Thursday 22 March 2018

What are the factors that can affect your car loan eligibility

Car loans are very handy for people looking to purchase a new and expensive vehicle. Lenders offer such loans so that you can get the desired car model and brand, even if you are unable to pay for the same in its entirety at that time. However, most lenders check to see whether a person is qualified to get a car loan.

Here are certain factors that affect your car loan eligibility and most of these will be verified by the bank prior to sanctioning the said loan.

1. Income
Your income will determine whether you are eligible for the loan amount you have applied for. People with higher annual income will be offered higher car loans and vice-versa. This is because people who have a greater income are also more likely to pay off  a bigger loan easily. After you apply for the loan, you have to present an evidence of your income, based on which the lenders will decide the loan amount you are eligible for.

For salaried employees, the loan may range from anywhere between 2 and 3 times the annual income of that individual. For instance, if you have an income of Rs. 2 Lakhs per annum, you may get up to Rs. 4 Lakhs or Rs. 6 Lakhs as car loan. However, for a self-employed individual, the maximum loan is usually 6 times that of their annual income.

2. Credit score
Credit score is a measurement which quantifies how good you are at repaying loans and credit. This score is created after checking the history of paying off loans and credit card bills. Usually, a score of 750 and above is considered to be good and most banks offer loans to people maintaining such a score. However, if your score is below this level, it may be difficult for you to get the car loan sanctioned.
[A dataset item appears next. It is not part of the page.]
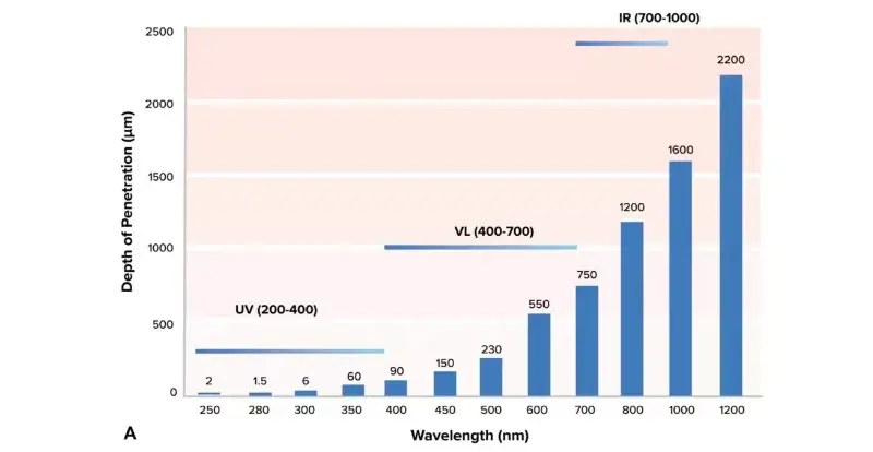 După cum se arată în figura de mai sus, lumina vizibilă are o mare influență asupra pielii, deoarece această bandă are o adâncime de penetrare mai profundă în piele. Lumina roșie poate pătrunde în epidermă și dermă și poate ajunge în stratul de grăsime, indicând relația dintre lungimea de undă și adâncimea de penetrare și relația inversă dintre lungimea de undă și energie, în timp ce lumina albastră are energie mai mare și adâncime de penetrare mai mică decât lumina roșie.

To improve the score, take small loans from lenders and pay them off in a timely fashion. You can also ensure that your credit card debt is settled on time. Try to maintain the score if you want to get the best offers on car loans. This score is a big factor that determines car loan eligibility.

3. Age
The age matters with most loans and car loans are no different. In case of a car loan, lenders prefer people below the age of 50. This is because people over this age are nearing retirement and may not be able to pay off the loan amount before the tenure runs out.

So, consider these factors prior to your loan application and make sure that all of your documents are in order so that your application gets sanctioned.